Task instructions —
Output the whole listing exactly, except for the pictures in it.

Data —

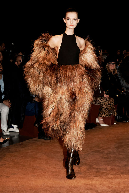 Veste en velours technique noir entièrement brodée de plumes d’autruche glycérinées couleur rouille et étole assortie. Elle sont portées par-dessus un body en velours noir aux épaules dénudées et une jupe crayon en jersey noir brodée de plumes d’autruche glycérinées couleur rouille assortie. Bottines style western en cuir brossé marron à talon aiguille orné d’un anneau strassé et d’une lanière Trou de Serrure amovible en cuir ton sur ton.
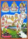 R Enterprise Hindu Religious Kamdhenu Cow with Calf || Brahma Vishnu Mahesh/Shiva Giving Blessing || Unframed Wall Poster (300 GSM Paper, 12 x 18 inch) (White) Photographic Paper (2 inch X 12 inch)
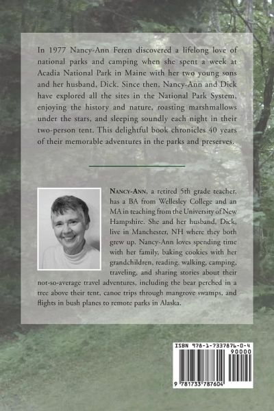 In 1977 Nancy-Ann Feren discovered a lifelong love of national parks and camping when she spent a week at Acadia National Park in Maine with her two young sons and her husband, Dick. Since then, Nancy-Ann and Dick have explored all the sites in the National Park System, enjoying the history and nature, roasting marshmallows under the stars, and sleeping soundly each night in their two-person tent. This delightful book chronicles 40 years of their memorable adventures in the parks and preserves.
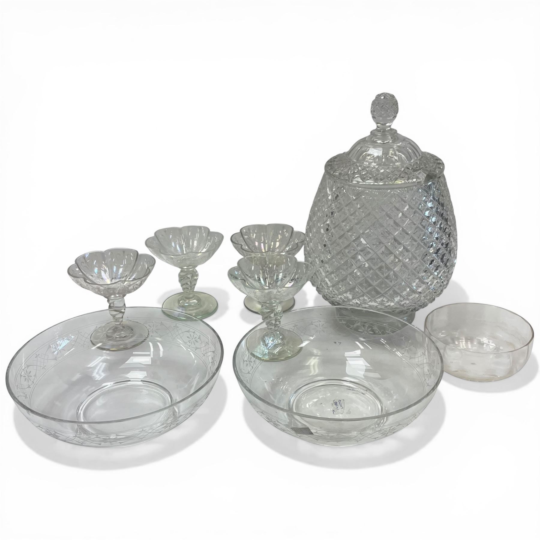 Lot 99 Large Crystal Candy Dish , 4 Crystal Glasses & 2 Bowls (Candy Dish is 12" Tall X 8.5" Diameter)

Output of the exercise —
 Veste en velours technique noir entièrement brodée de plumes d’autruche glycérinées couleur rouille et étole assortie. Elle sont portées par-dessus un body en velours noir aux épaules dénudées et une jupe crayon en jersey noir brodée de plumes d’autruche glycérinées couleur rouille assortie. Bottines style western en cuir brossé marron à talon aiguille orné d’un anneau strassé et d’une lanière Trou de Serrure amovible en cuir ton sur ton.
 R Enterprise Hindu Religious Kamdhenu Cow with Calf || Brahma Vishnu Mahesh/Shiva Giving Blessing || Unframed Wall Poster (300 GSM Paper, 12 x 18 inch) (White) Photographic Paper (2 inch X 12 inch)
 In 1977 Nancy-Ann Feren discovered a lifelong love of national parks and camping when she spent a week at Acadia National Park in Maine with her two young sons and her husband, Dick. Since then, Nancy-Ann and Dick have explored all the sites in the National Park System, enjoying the history and nature, roasting marshmallows under the stars, and sleeping soundly each night in their two-person tent. This delightful book chronicles 40 years of their memorable adventures in the parks and preserves.
 Lot 99 Large Crystal Candy Dish , 4 Crystal Glasses & 2 Bowls (Candy Dish is 12" Tall X 8.5" Diameter)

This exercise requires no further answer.